Every line of the listing below from the one with "Birthday Greeting Card" up to and including the one with "- Masuk Ke Groups, Klik remote Desktop User" should be retyped exactly, and nothing else; pictures are not part of the copy.
*** Opening of Listed records ***
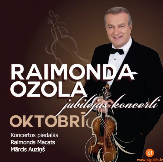 Sestdien, 19. oktobrī, plkst. 19.00 kultūras centrā “Siguldas devons” ikviens aicināts uz Latvijā pazīstamā mūziķa, Latvijas Nacionālā simfoniskā orķestra pirmo vijoļu grupas koncertmeistara Raimonda Ozola jubilejas koncertu, kurā R. Ozols ar draugiem Mārci Auziņu (ģitāra), un Raimondu Macatu (čells, taustiņinstrumenti un mutes harmonikas) piedāvās klausītājiem komponistu N. Paganīni un A. Piazollu skaņdarbus, kā arī pasaulē zināmu kompozīciju kaverversijas.
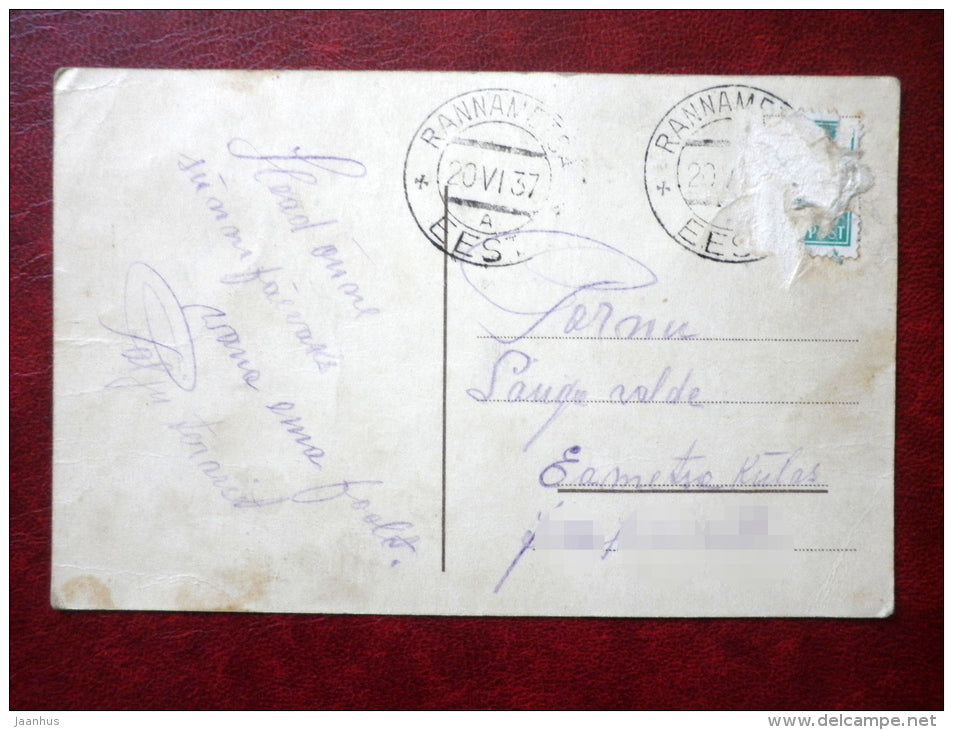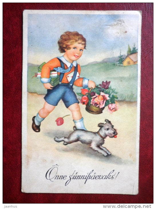 Birthday Greeting Card - boy - dog - flowers - circulated in 1937 - Estonia - used
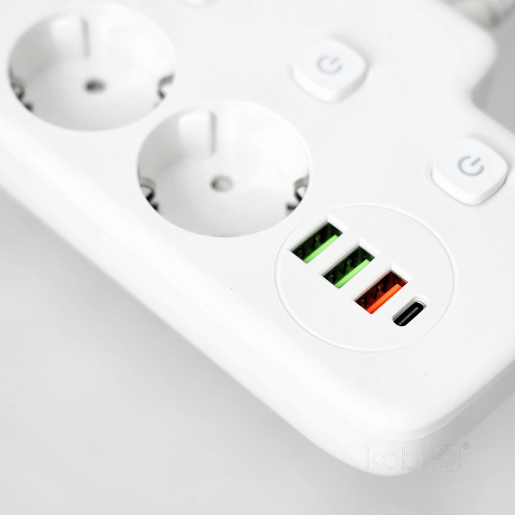 Extension cord KOBI LINEA PRO FL 2 sockets+3USB/1USB-C/0,2m white Kobi
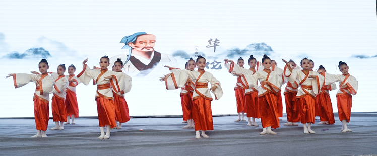 鞍山市台安县“百市千县”中医药文化惠民活动开幕式上小朋友表演舞蹈《中医谣》。
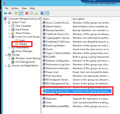- Masuk Ke Groups, Klik remote Desktop User
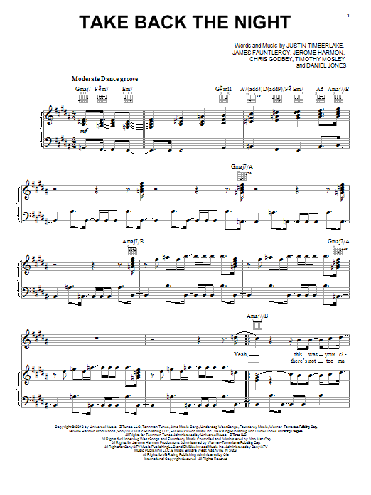 Download or print Justin Timberlake Take Back The Night sheet music, chords and digital score arranged for Piano, Vocal & Guitar Chords (Right-Hand Melody). This Pop score includes 11 page(s).
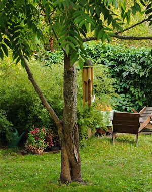Paahteisen pihan jin-tilaa voi parantaa lisäämällä puita, markiiseja tai pergolan. Lisää jang-energiaa saa poistamalla puita tai karsimalla oksia.
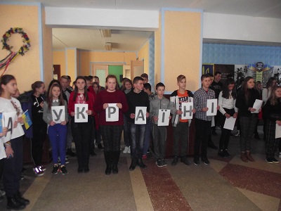 Під таким гаслом у школі 29 листопада 2019 року був проведений національно-патріотичний флешмоб. Флешмоб розпочали учні п’ятих класів піснею «Ми прийшли сьогодні дружно на Майдан». Продовжили захід учні 6-х класів інсценізацією «Як це було» за участю «Беркутівця» (Кучмай Станіслав) та «Сотника – Голуба» (Гороховський Юрій). Учні 7-9-х класів у ході флешмобу проілюстрували гасло «Слава Україні – Героям слава!». Завершився флешмоб зворушливою поезією «Запах Майдану» у виконанні Флінти Юлії та закликом учнів 5-8-х класів «Любіть Україну».
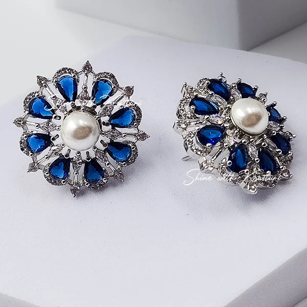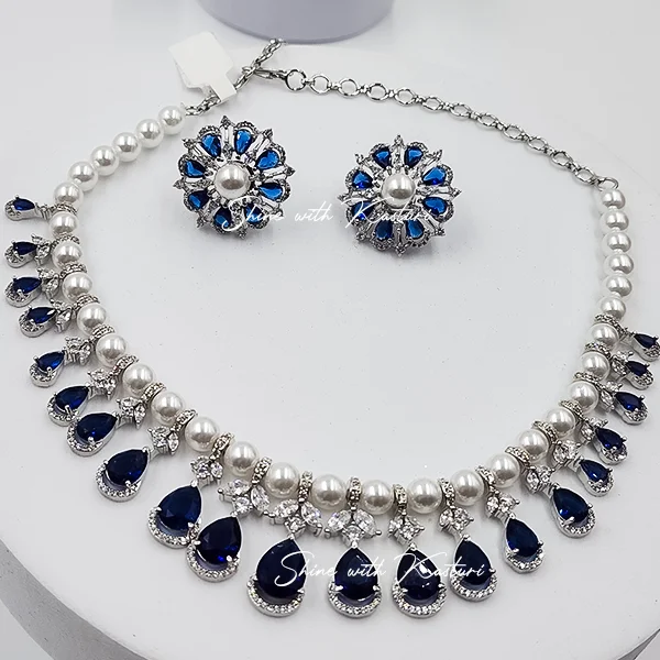 AD Layered Necklace is an elegant choker style adjustable AD Necklace with CZ, Pearls & Stones. This American Diamond Necklace is an impressive piece of jwellery with stunning combination of white pearls, blue colour stones and petal shaped rhinestones. The Pearls & Cubic Zirconia Layered Necklace has an extra ordinary design with brilliance to get you shining with your costume at any occasion.
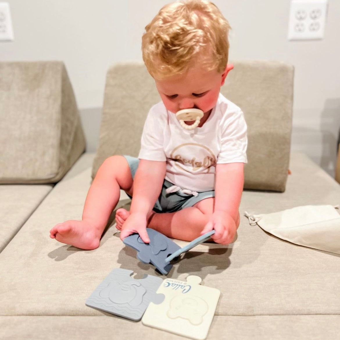 Not only does this puzzle provide endless educational fun, but it also helps develop fine motor skills and hand-eye coordination, giving your little one a head start in their development journey. With the Lincoln Puzzle, they'll have a blast matching the soft, yet durable, silicone animal pieces together.
*** Close of Listed records ***
Written answer:
 Birthday Greeting Card - boy - dog - flowers - circulated in 1937 - Estonia - used
 Extension cord KOBI LINEA PRO FL 2 sockets+3USB/1USB-C/0,2m white Kobi
 鞍山市台安县“百市千县”中医药文化惠民活动开幕式上小朋友表演舞蹈《中医谣》。
- Masuk Ke Groups, Klik remote Desktop User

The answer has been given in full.